The line containing "Whiskas Classic Meals" marks the end: copy exactly every line from the start of the records below up to and including it, leaving out pictures.

Items from a data source
....
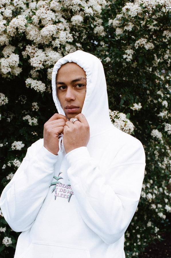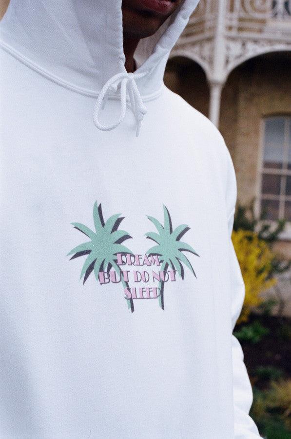 Hoodie In White With Tropical Palm Tree Print
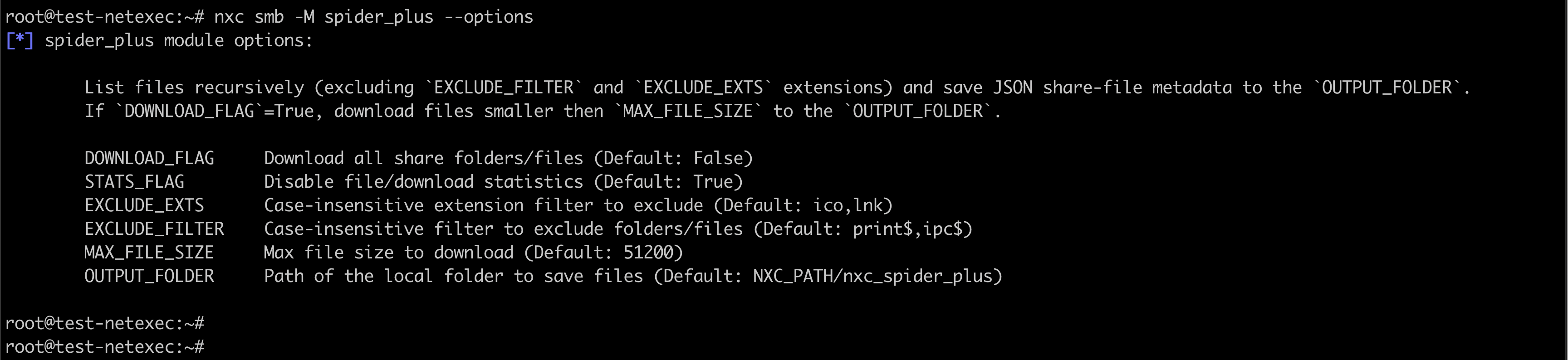 - Settings – Control how NetExec runs. Common settings include:
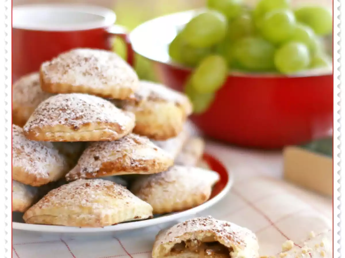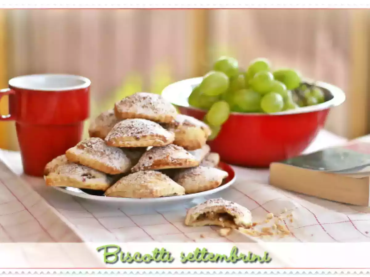 Biscotti settembrini PrecedenteProssimo Altrofacile42 min Invia questa ricetta ad un amico Stampa la ricetta Contatta l'autore della Ricetta Pubblica la foto di questa ricetta Questi biscotti sono davvero speciali. Provateli subito! Ingredienti 4 Per la pasta frolla: 250 g di farina 125 g di burro 125 g zucchero a velo 1 uovo intero 1 tuorlo buccia di limone Per il ripieno: 1 mela golden uva da schiacciata 2 fichi pinoli zucchero di canna 1 uovo
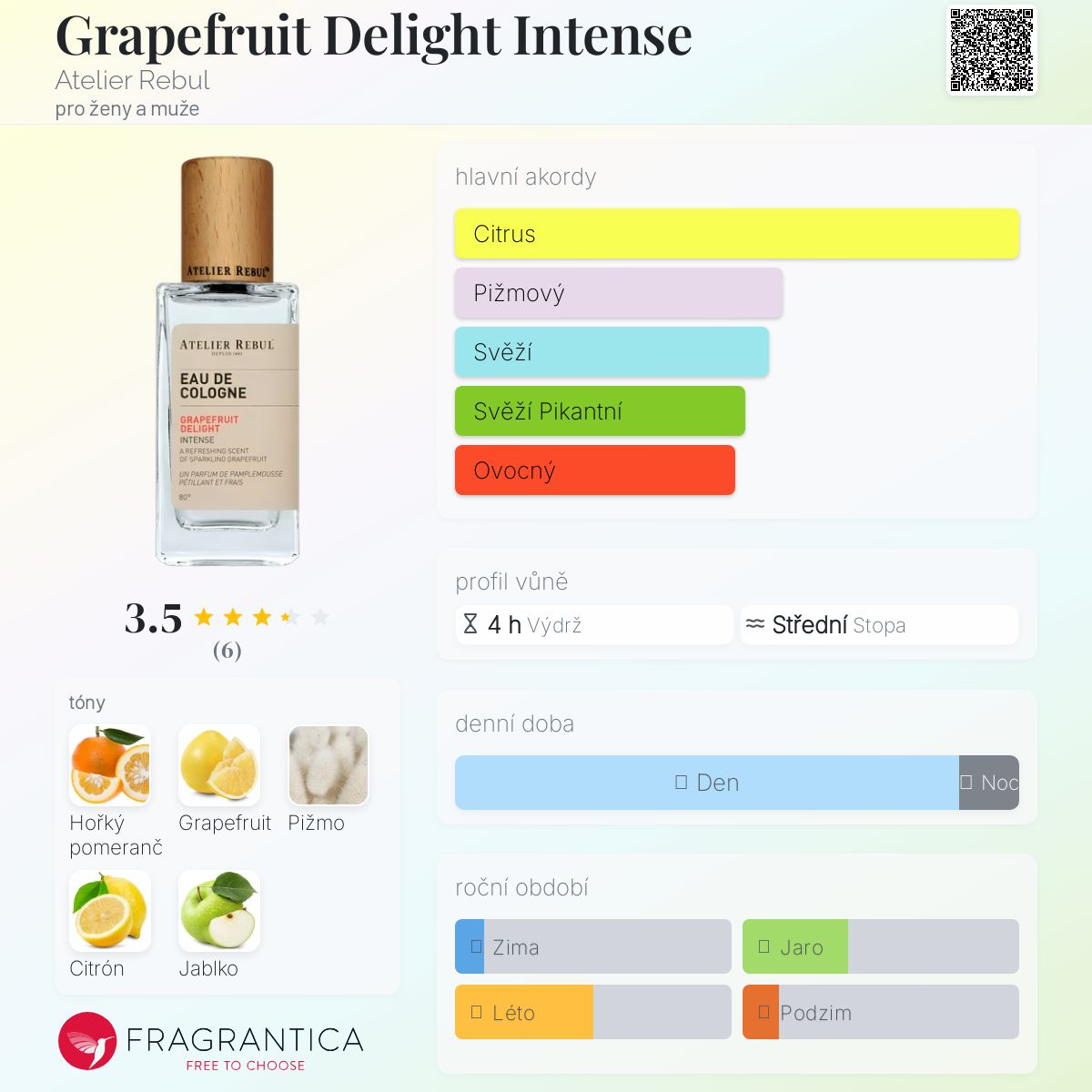 Grapefruit Delight Intense podle Atelier Rebul je Citrus vůně pro ženy a muže. Vrchní tóny jsou Hořký pomeranč a Grapefruit; střední tóny jsouCitrón a Jablko ; základní tón je Pižmo.
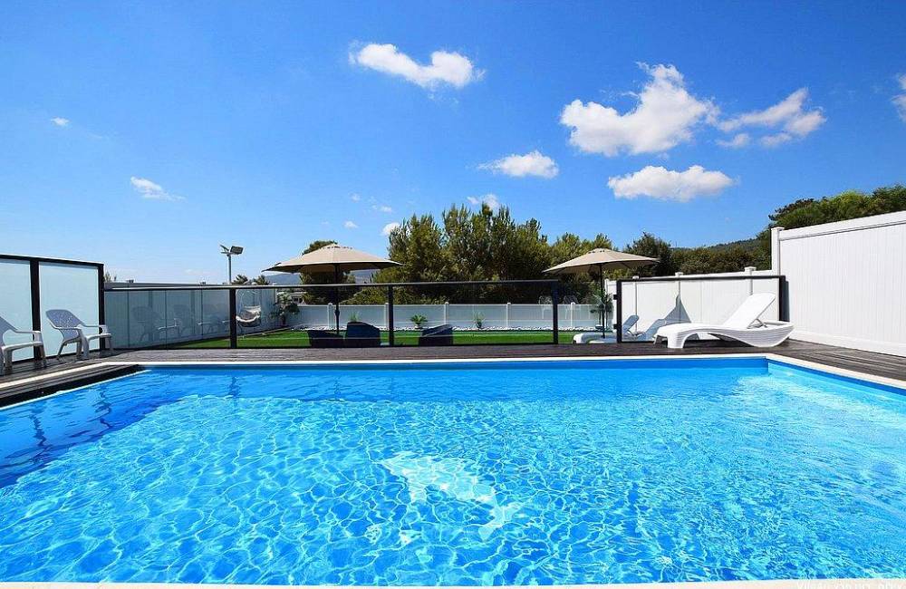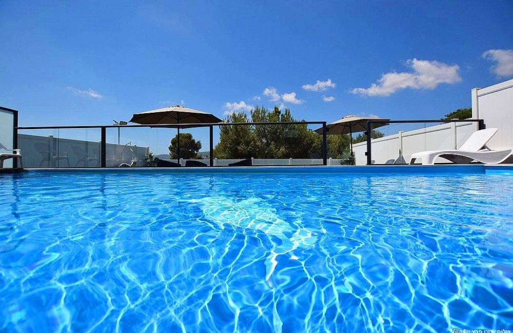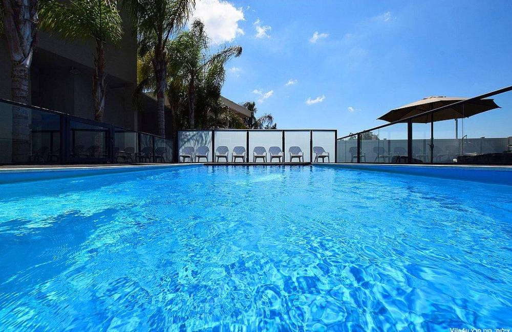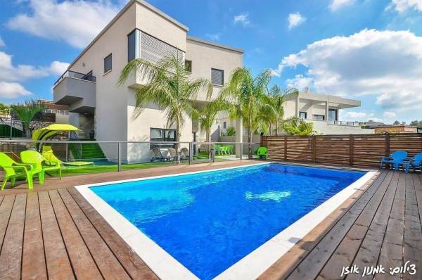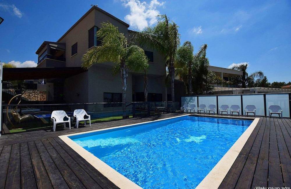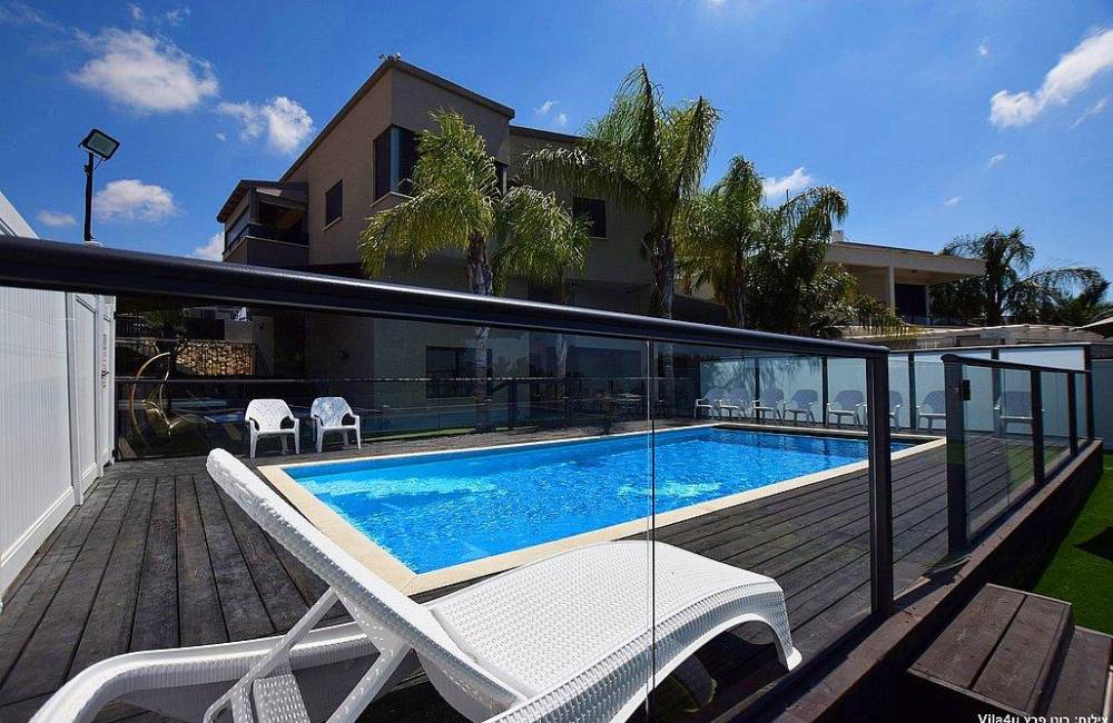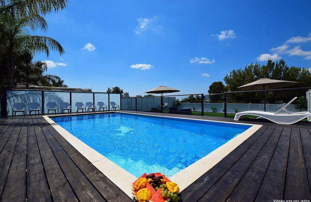 בריכת שחייה בנויה (מחוממת בחורף) בגודל 9X5 הבריכה הינה בטיחות לילדים, מוקפת שער זכוכית
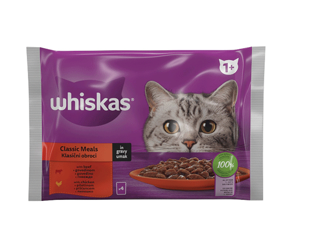 Whiskas Classic Meals паучове за котки пилешко и говеждо в сос грейви, 4х85 гр.
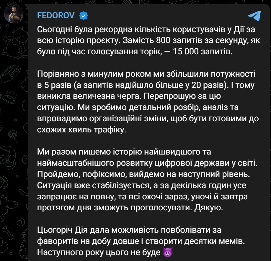 Сегодняшний сбой в приложении "Дия" глава Минцифры Михаил Федоров объяснил рекордным наплывом желающих проголосовать в национальном отборе на Евровидение.
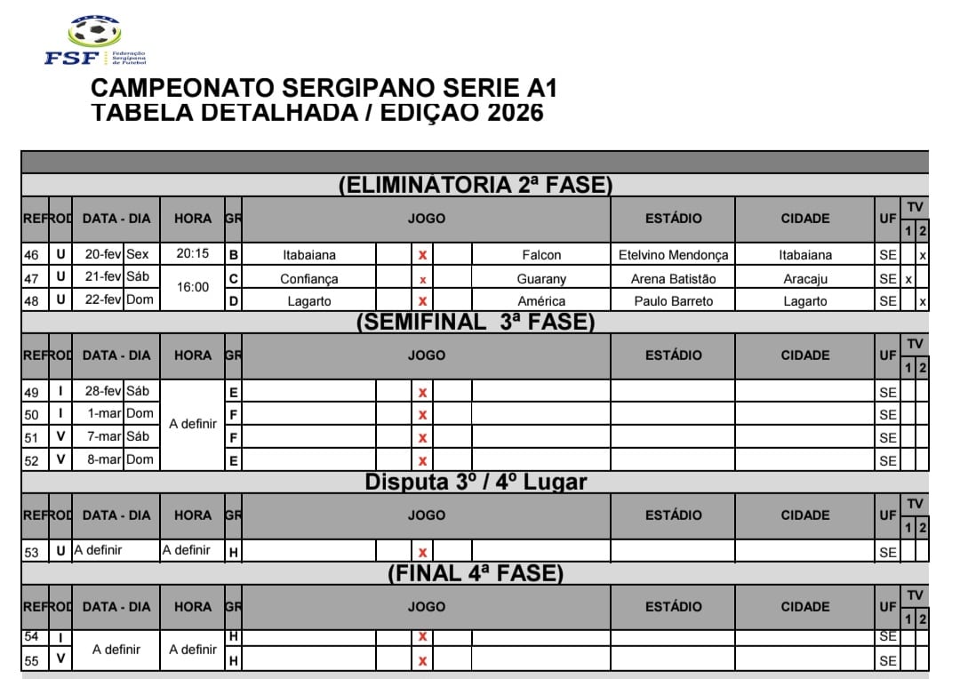 Em regime de plantão, o Departamento de Competições da Federação Sergipana de Futebol (FSF) divulgou neste sábado (14/02), os detalhes dos confrontos da segunda fase do Campeonato Sergipano da Série A1 de 2026.
....
→ **Task response**
 Hoodie In White With Tropical Palm Tree Print
 - Settings – Control how NetExec runs. Common settings include:
 Biscotti settembrini PrecedenteProssimo Altrofacile42 min Invia questa ricetta ad un amico Stampa la ricetta Contatta l'autore della Ricetta Pubblica la foto di questa ricetta Questi biscotti sono davvero speciali. Provateli subito! Ingredienti 4 Per la pasta frolla: 250 g di farina 125 g di burro 125 g zucchero a velo 1 uovo intero 1 tuorlo buccia di limone Per il ripieno: 1 mela golden uva da schiacciata 2 fichi pinoli zucchero di canna 1 uovo
 Grapefruit Delight Intense podle Atelier Rebul je Citrus vůně pro ženy a muže. Vrchní tóny jsou Hořký pomeranč a Grapefruit; střední tóny jsouCitrón a Jablko ; základní tón je Pižmo.
 בריכת שחייה בנויה (מחוממת בחורף) בגודל 9X5 הבריכה הינה בטיחות לילדים, מוקפת שער זכוכית
 Whiskas Classic Meals паучове за котки пилешко и говеждо в сос грейви, 4х85 гр.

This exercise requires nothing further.